The San Francisco-based OpenAI introduced the new generative AI model GPT-4o on Monday. The "o" stands for "omni" and refers to the model's ability to process text, speech, and video. GPT-4o will be gradually introduced into the company's developer and consumer products over the next few weeks.
OpenAI CTO Mira Murati Explains GPT-4o Exhibits the Intelligence of GPT-4 but Enhances Capabilities Across Various Modalities and Media. "GPT-4o Can Think Beyond Language, Text, and Vision," Murati Said During a Presentation at the OpenAI Offices. "This Is of Great Significance as We Shape the Future of Human-Machine Interaction."
The previous model, GPT-4 Turbo, was designed to analyze images and text. GPT-4o extends these capabilities with language. This allows for a variety of new applications, including an enhanced user experience in the AI-powered chatbot ChatGPT.
With GPT-4o, ChatGPT Becomes More User-Friendly as Users Can Now Ask Questions and Interrupt ChatGPT During the Response. The Model Reacts in Real Time and Can Even Recognize Nuances in a User's Voice and Respond Accordingly in Various Emotional Styles, Including Singing.
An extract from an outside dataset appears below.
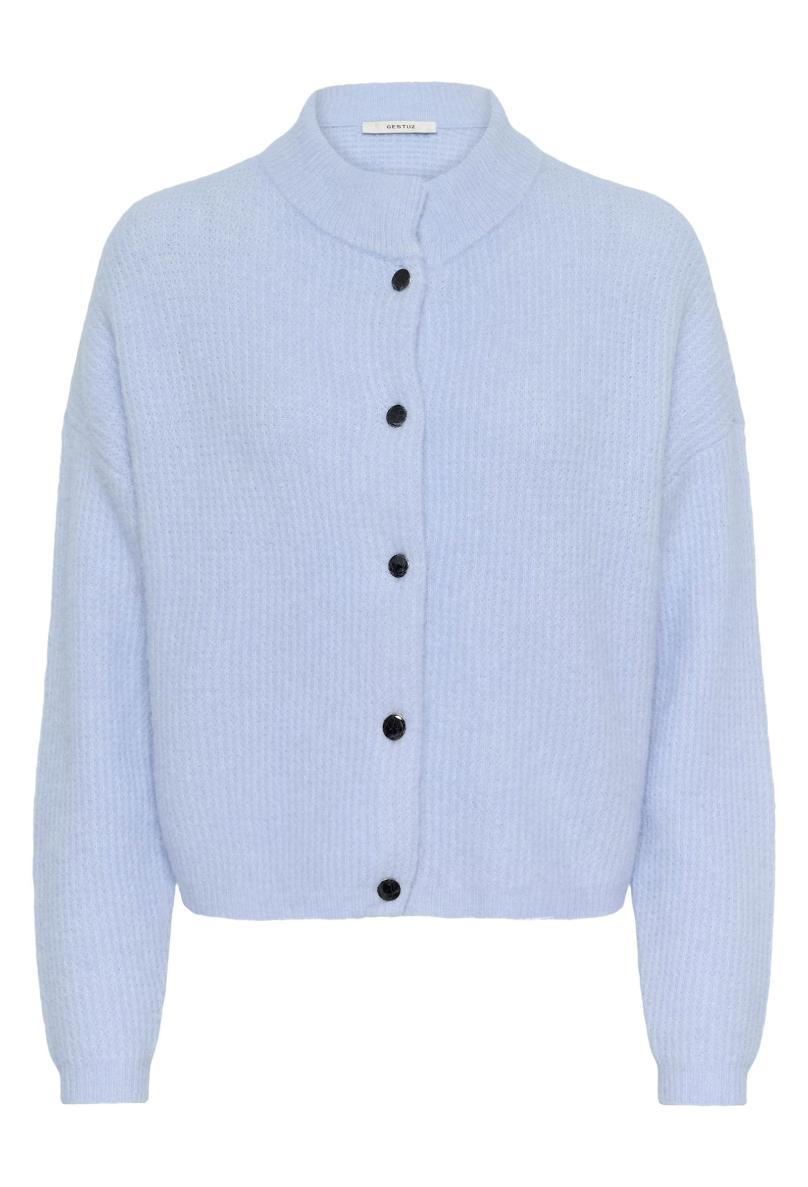 AlphaGZ Short Cardigan er en myk strikkejakke med knapper, høy ribbestrikket hals og droppede skuldre fra Gestuz. Laget i fluffy strikk med avslappet passform og lange ermer for komfort og varme.

Additionally, GPT-4o enhances the visual capabilities of ChatGPT. The model can now respond to questions about a photo or a screenshot, for example, "What is happening in this software code?" or "Which brand is this shirt?"
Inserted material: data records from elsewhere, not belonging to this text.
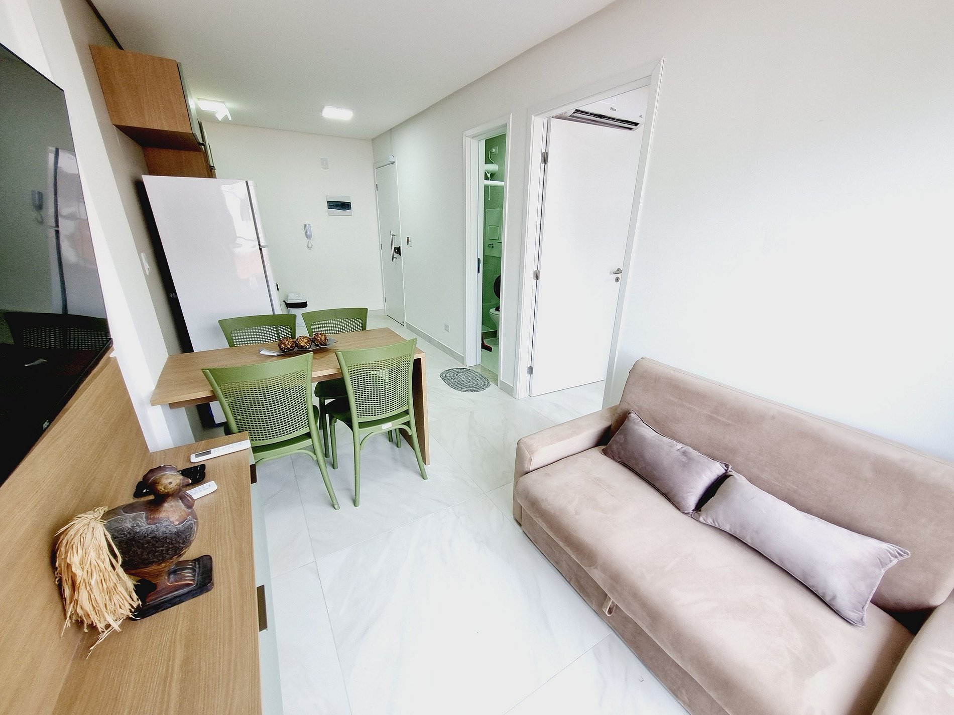 O apartamento totalmente mobiliado oferece um ambiente acolhedor e funcional, equipado com todas as comodidades necessárias para uma estadia confortável: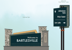 “For the wayfinding and gateway signs, we took a modern approach, but combined with a distinctly architectural flair,” she said. “Careful attention was focused on incorporating the use of layers and dimensions to highlight the depth found within Bartlesville. A quick glance will provide the important wayfinding information you need, but upon closer inspection, you will recognize the details inspired by Bartlesville’s beautiful sunsets or the downtown skyline.”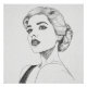 Black and white illustration of an elegant woman with a retro style. It is portrayed in profile, with an intense look and dark lips. Her hair is topped in wavy waves, reminiscent of the glamorous style of the 50s. The illustration shows a high level of detail in the facial features and highlights the grace and sophistication of the subject through expressive line work.

These features are expected to be further developed, according to Murati. In the future, GPT-4 or ChatGPT could, for example, enable one to "watch" a live sports game and explain the rules.
GPT-4o is also multilingual and, according to OpenAI, shows improved performance in around 50 languages. In the OpenAI API and Microsoft's Azure OpenAI service, GPT-4o is twice as fast, half as expensive, and has higher rate limits than GPT-4 Turbo.
Currently, the language functionality of GPT-4 is not yet available to all customers in the API. OpenAI plans to initially provide the new audio capabilities to a small group of trusted partners.
GPT-4o is available in the free version of ChatGPT starting today and for subscribers of the premium plans ChatGPT Plus and Team with "5x higher" message limits. The enhanced ChatGPT language experience will be available in an alpha version for Plus users in the coming months.
Additionally, OpenAI has announced a revised ChatGPT user interface on the web, which offers a "conversation-oriented" homepage and message layout. A desktop version of ChatGPT for macOS allows users to ask questions or take and discuss screenshots via a keyboard shortcut. ChatGPT Plus users will have access to the app starting today, with a Windows version to follow later in the year.
Finally, the GPT Store, OpenAI's Library and Creation Tool for Third-Party Chatbots, is Now Available for Users of the Free ChatGPT Version. Free Users Can Now Also Use Features That Were Previously Behind a Paywall, Such as a Memory Function, Which Allows ChatGPT to Save Preferences for Future Interactions, Upload Files and Photos, and Search the Web for Answers to Current Questions.